The afternoon is spent once again in front of the company
computer.
Five o'clock comes round, and our pair rush for the bus, and
get carried almost home.
It's raining, and the last ten minute walk soaks them.
The get indoors, change, and flop.
Can we perhaps re-write this sordid little story?
Jim and Joan get up at eight o'clock, have a leisurely
breakfast, and switch on their respective computers. They link
into the company network, and do exactly the same job they
would have done if they had gone into the office.
The can stop for lunch, which they can have in their own
kitchen, and they have a more flexible approach to when they
stop and start.
They don't have to run for a bus. They don't need to get wet
or catch a cold. They don't have to pay over the odds for
lunch, or buy a travel-card.
The employer is over the moon. The company no longer has to
buy or more likely lease a twenty storey office block to house
people that don't need to be in that particular location, thus
saving millions.
They no longer have to supply all the things that government
regulations require them to supply to keep their staff happy.
Why, for pity's sake, why do we need office blocks?
The obvious answer to that question is that we don’t.
Ninety-nine per cent of all these workers can stay at home,
which is exactly what is happening across the country at the
moment.
The biggest bunch of office workers can be organised from one
room, and kept together by the office computer network.
What's the problem?
Achieve that move and we are ready to make the next move.
The second question was: Why do we need all those workers?
Actually, we don’t. Automate 90% of all the office work, and
sack the workers.
Now we do have an interesting situation.
We will continue to have people employed just because they
need an income and they need something to do to stop them
littering up the streets and parks, and to stop them causing
trouble through sheer boredom.
What an insane way to run an economy.
Not to worry, in a later chapter I solve that particular
problem.
Of course, this does not necessarily apply to service workers.
But who are the service workers?
Let's start with solicitors, estate agents, and the like.
What's to stop them from working from home?
Due to the conditions in place at the time of writing that is
what they are doing right now. Once again, working from home
is much cheaper than providing premises for them to work from.
And the travel expenses are cut, and the transport usage is
cut to almost nil. This has the useful knock-on effect of
cutting greenhouse emissions.
If you need face to face interviews then use software apps
that have been developed precisely for that purpose.
If they wont do, have a much smaller office with a couple of
interview rooms. You wouldn't need anything else. And the
staff would come in to use those rooms as needed, not as a
matter of course.
The bottom line here is very simple.
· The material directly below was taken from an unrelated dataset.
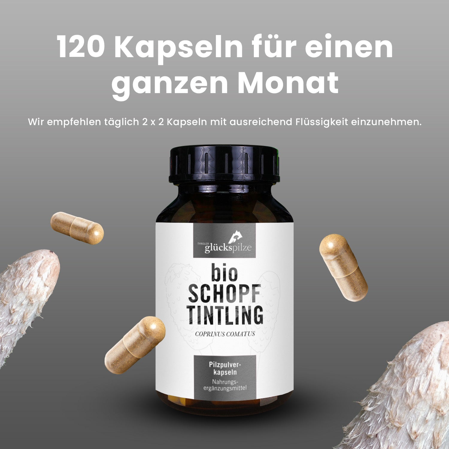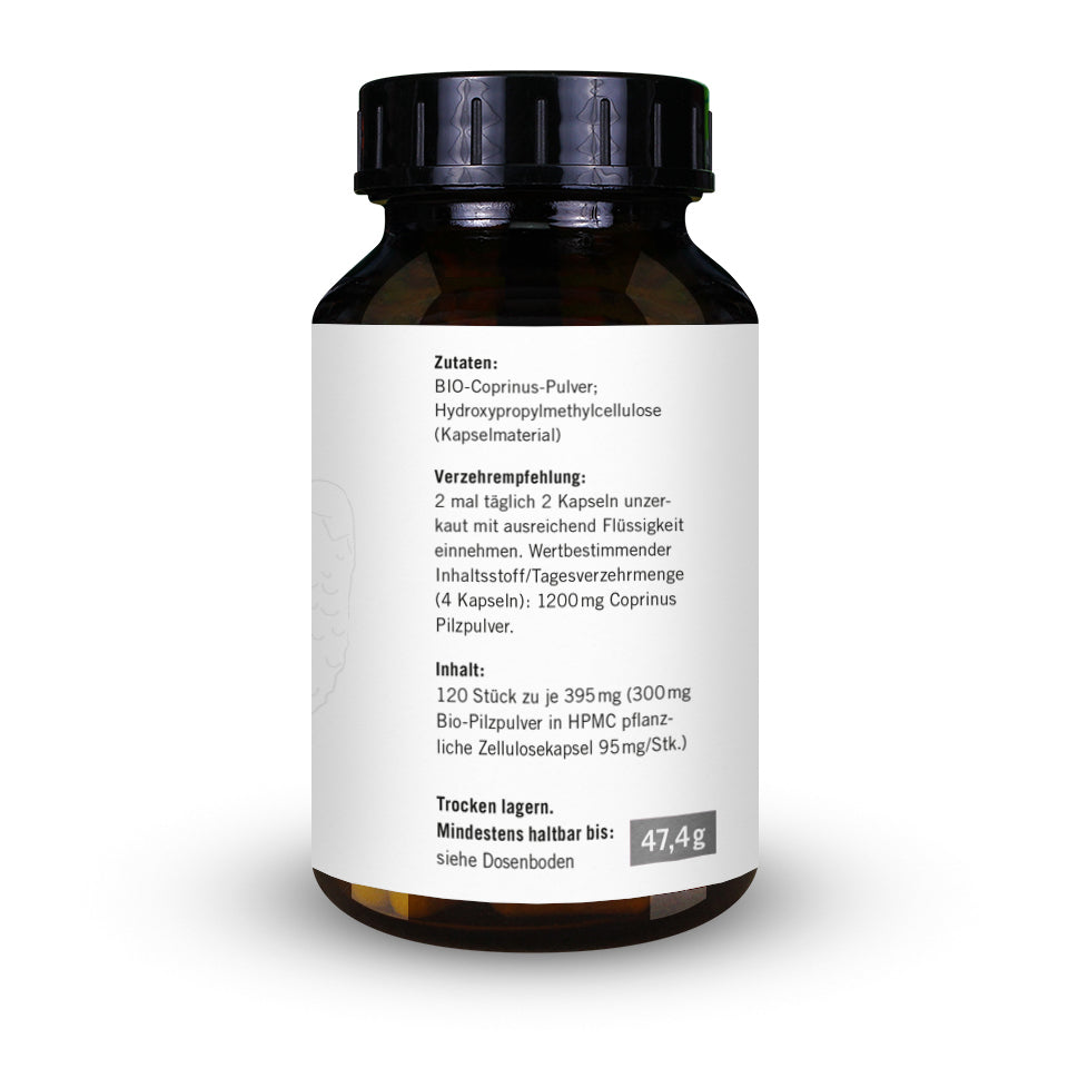 Inhalt: 120 Kapseln á 300 mg Coprinus-Pulver in nachhaltiger Glas-Verpackung

We have the technology.
Why cant we use it sensibly?
What's the point of having programs such as GoToMeeting if
instead we catch the early morning train, wasting time and
money to go to a physical meeting? Pure madness. Or it is a
matter of thinking in terms of past ways to do things.
Think of the time and effort saved. Think of the money saved.
This way of doing things is going to come. And there is
nothing to stop it happening now. In fact quite the contrary.
This pandemic is going to force changes.